When John's messengers had gone he began to talk to the people about John,

'What did you go out into the desert to see? A reed swaying in the breeze? No! Then what did you go out to see? A man dressed in fine clothes? Look, those who go in magnificent clothes and live luxuriously are to be found at royal courts!

Then what did you go out to see? A prophet? Yes, I tell you, and much more than a prophet:

he is the one of whom scripture says: Look, I am going to send my messenger in front of you to prepare your way before you.

'I tell you, of all the children born to women, there is no one greater than John; yet the least in the kingdom of God is greater than he.'

All the people who heard him, and the tax collectors too, acknowledged God's saving justice by accepting baptism from John;

but by refusing baptism from him the Pharisees and the lawyers thwarted God's plan for them.

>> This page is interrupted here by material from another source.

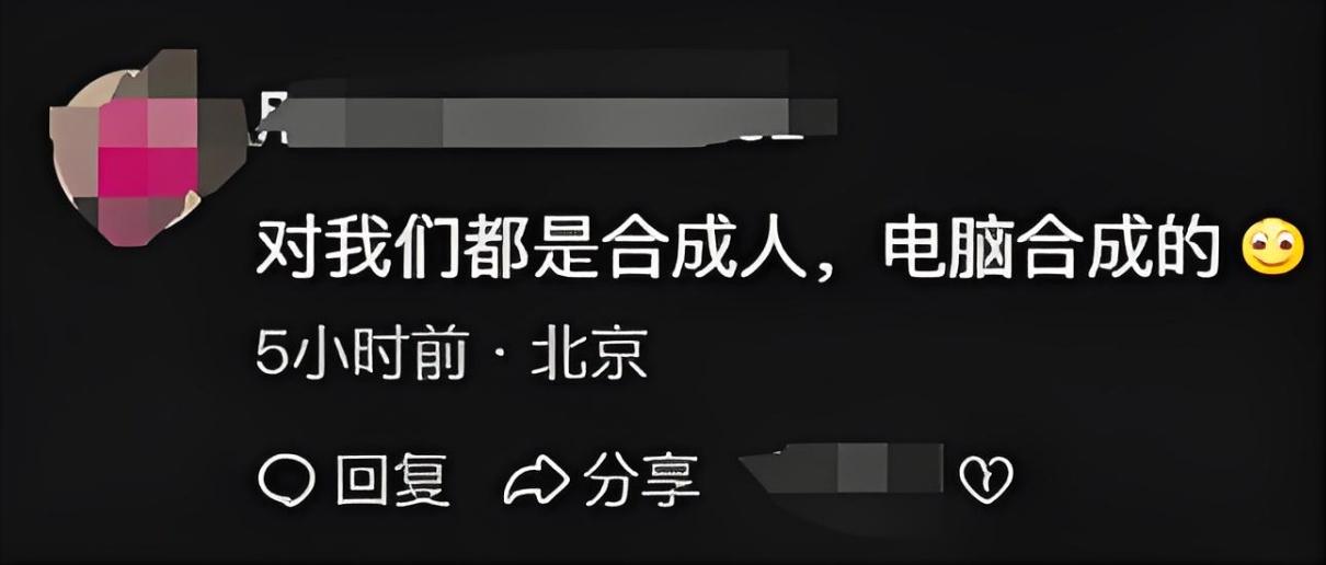 这个问题可把不少国内给逗乐了,其中一个国内网友回复道:“对我们都是合成人,电脑合成的。”

Alleluia, alleluia, alleluia

I give you a new commandment,
that you love one another.

Alleluia, alleluia, alleluia

Yesterday we heard in Luke’s Gospel Jesus’ response to John’s disciples who had asked if he was the Messiah or if they should wait for another. After his reply, these disciples returned to tell John, who was in prison, what Jesus had said. As they go away, Jesus turns to the crowd to sing the praise of this special prophet who was his same age. He recalls John’s extraordinary preaching. Jesus himself was fascinated by him so that he went to the Jordan River to John right at the beginning of his public life. On the shore of the Jordan, a place where tradition said that the palingenesis of the world would occur, John admonished everyone to distance himself or herself from a superficial lifestyle; to refrain from a life lived at the mercy of what is in fashion and from false and deceitful myths. The austere prophet exhorted people to enter into themselves, to do penance, to chose for justice, and to seek the Lord. His preaching was not far from that of the ancient prophets of Israel. This was already a great thing. But John –says Jesus - was more than a prophet: he was sent by God to prepare the way for the Messiah. This is his true greatness: to prepare the hearts of men and women of that time to receive the Messiah, the Saviour. In this sense, in spiritual vision of history, every disciple of Jesus and every Christian community should have the same mission of the Baptist: that is to prepare the hearts to welcome the Saviour. The disciple of Jesus, in fact, does not live in order to talk about himself or his deeds and undertakings, nor to affirm his own ideas or his own convictions. A disciple’s entire life, words and deeds are to prepare the way to the Lord, so that Jesus may enter the hearts of people, God’s mercy may reach the hearts of all those to which he was sent. The Christian, the Church, functions so that the Word of God touches the hearts of men and women and moves them in such a way so that they are disposed to meet Jesus and follow him. It is the mission to which every Christian generation is called until the ends of the earth. Yes, every disciple and every Christian community in any time are asked to continue to point out Jesus to the men and women of their time and to say, “Behold the lamb of God.” And it needs to be done with words and with the witness of a life, just as John did.